Description of the task: The answer must be an exact copy of the records, with no pictures in it.

(Provided entries begins)

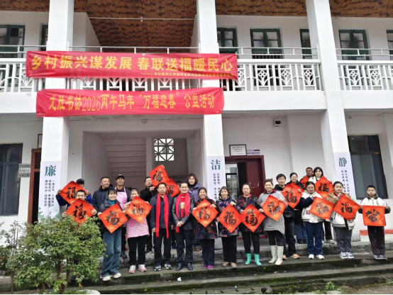 新春临近,年意渐浓。为弘扬中华优秀传统文化,丰富乡村精神文化生活,将温暖祝福与浓厚年味送至群众身边。近日,学校乡村振兴办联合龙胜各族自治县书法协会,走进定点帮扶的平熬村,共同举办“迎新春、送春联、送福字”文化惠民活动。活动以笔墨传情,以文化暖心,为乡村振兴添彩,为民族团结聚力。
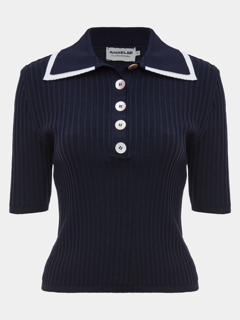 CollabsFemininoNovidadesBlusasUcha meirellesAnselmi Double Collar Polo Shirt + Ucha Meirelles Midnight Blue
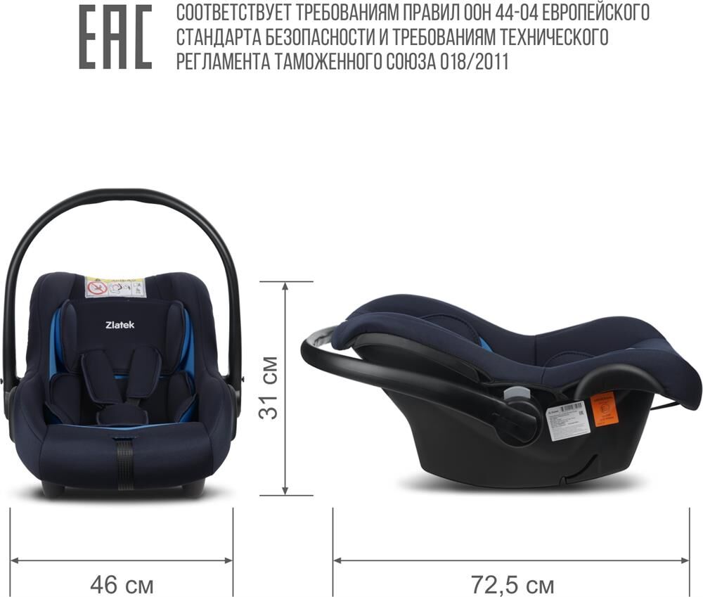 Детское автокресло ZLATEK УУД Колибри Lux гр.0+, индиго
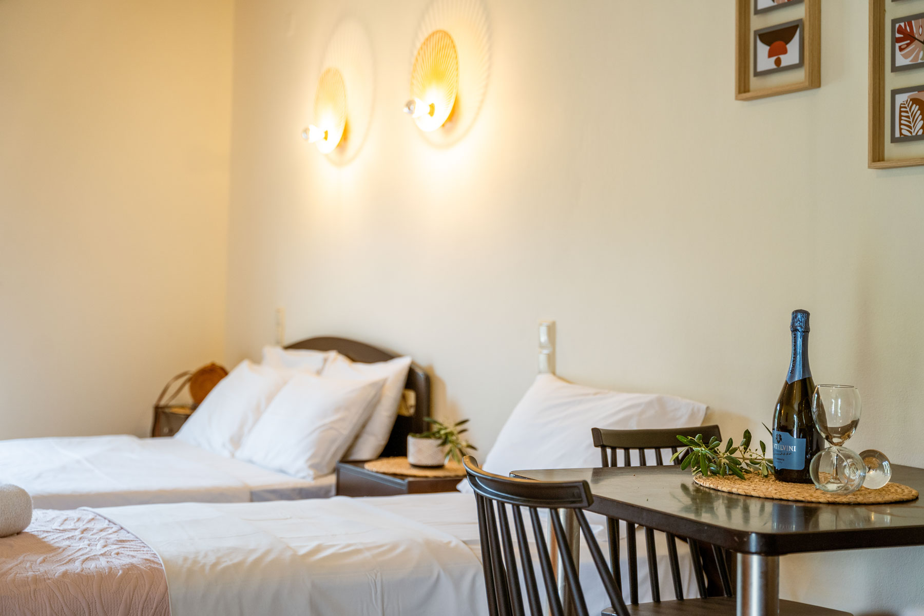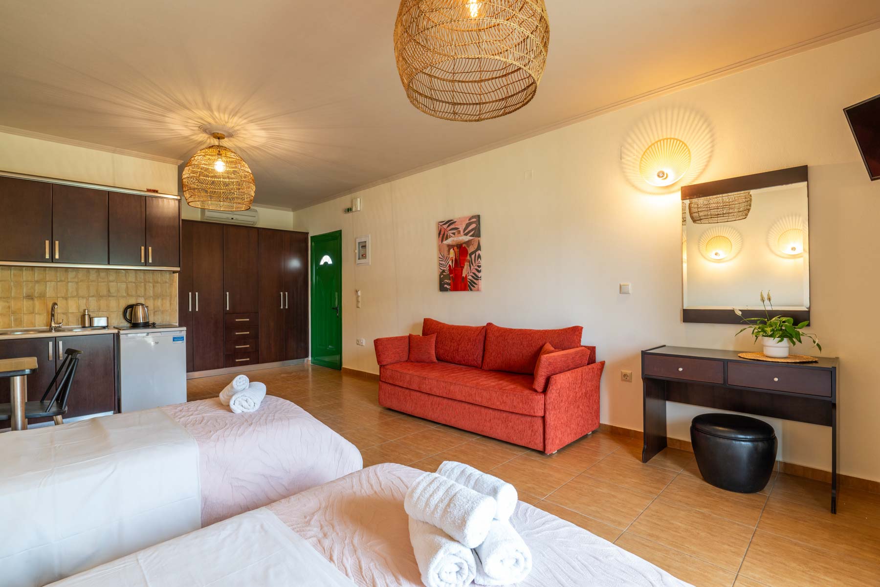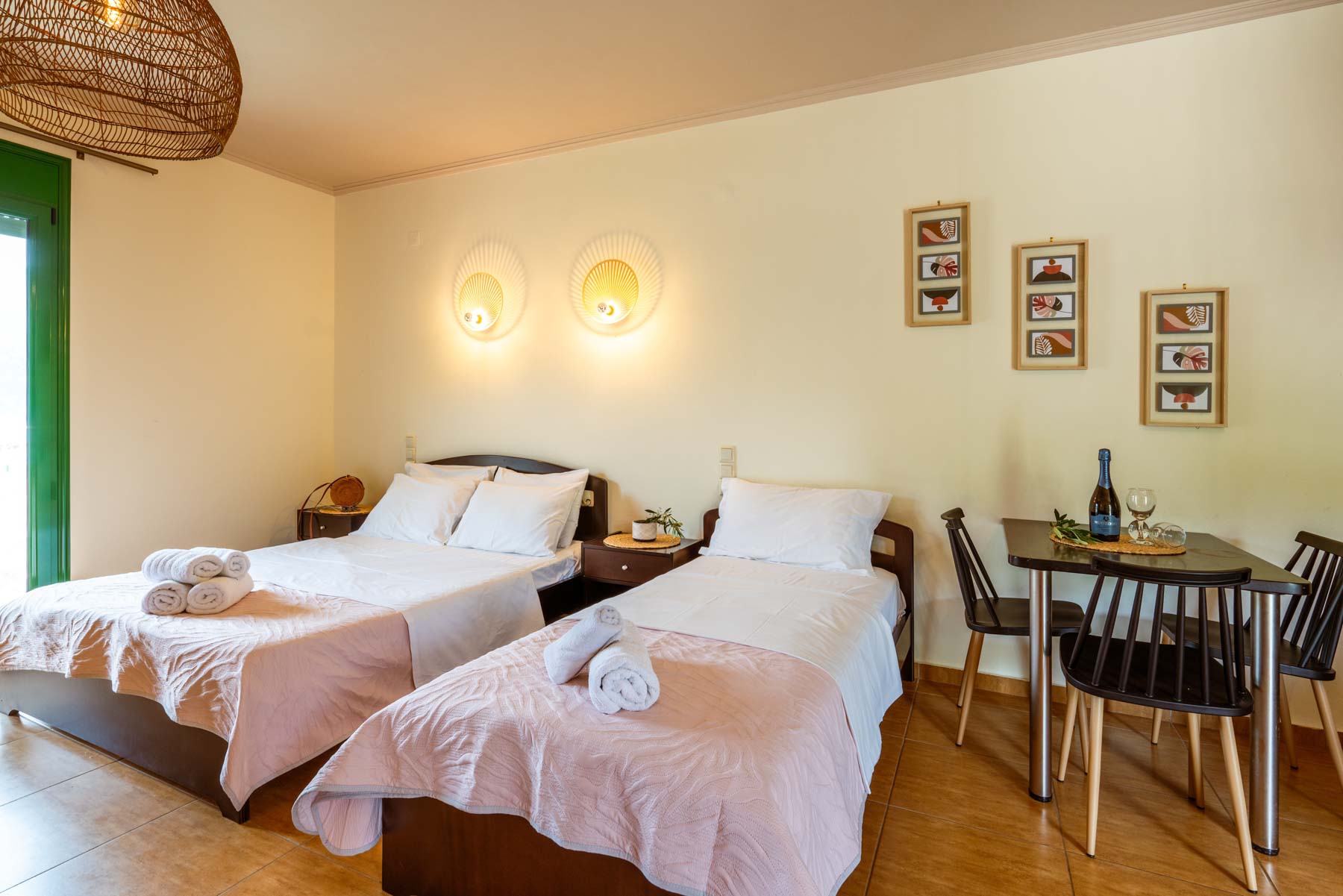 It features two separate spaces. One main room with a fully equipped kitchen and twin beds. Second space is a beautiful bathroom. There is also a sofa that can easily be converted to a comfortable double bed. It also provides a picturesque balcony with dinning table and garden with lawn. Exclusive fast speed Wi-Fi, in wall closets, indoor ,outdoor dinning options are also available. Don’t forget to enjoy the outdoor BBQ or a cocktail / snack at Aiora Bar.
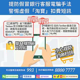 【特訊】司警局近日再發現有騙徒假冒澳門中銀及工銀澳門的名義,向市民濫發虛假短訊,訛稱「TaoBao支付保障已簽約成功」或「TaoBao會員已到期」將會扣費,誘騙市民回撥短訊內附帶的電話號碼。當市民一旦回電,騙徒便會冒充銀行職員,再指示轉至通訊軟件聯絡,繼而索取銀行或信用卡資料、要求下載APP進行同屏,甚至轉賬至指定戶口。

(Provided entries ends)

Task output:
 新春临近,年意渐浓。为弘扬中华优秀传统文化,丰富乡村精神文化生活,将温暖祝福与浓厚年味送至群众身边。近日,学校乡村振兴办联合龙胜各族自治县书法协会,走进定点帮扶的平熬村,共同举办“迎新春、送春联、送福字”文化惠民活动。活动以笔墨传情,以文化暖心,为乡村振兴添彩,为民族团结聚力。
 CollabsFemininoNovidadesBlusasUcha meirellesAnselmi Double Collar Polo Shirt + Ucha Meirelles Midnight Blue
 Детское автокресло ZLATEK УУД Колибри Lux гр.0+, индиго
 It features two separate spaces. One main room with a fully equipped kitchen and twin beds. Second space is a beautiful bathroom. There is also a sofa that can easily be converted to a comfortable double bed. It also provides a picturesque balcony with dinning table and garden with lawn. Exclusive fast speed Wi-Fi, in wall closets, indoor ,outdoor dinning options are also available. Don’t forget to enjoy the outdoor BBQ or a cocktail / snack at Aiora Bar.
 【特訊】司警局近日再發現有騙徒假冒澳門中銀及工銀澳門的名義,向市民濫發虛假短訊,訛稱「TaoBao支付保障已簽約成功」或「TaoBao會員已到期」將會扣費,誘騙市民回撥短訊內附帶的電話號碼。當市民一旦回電,騙徒便會冒充銀行職員,再指示轉至通訊軟件聯絡,繼而索取銀行或信用卡資料、要求下載APP進行同屏,甚至轉賬至指定戶口。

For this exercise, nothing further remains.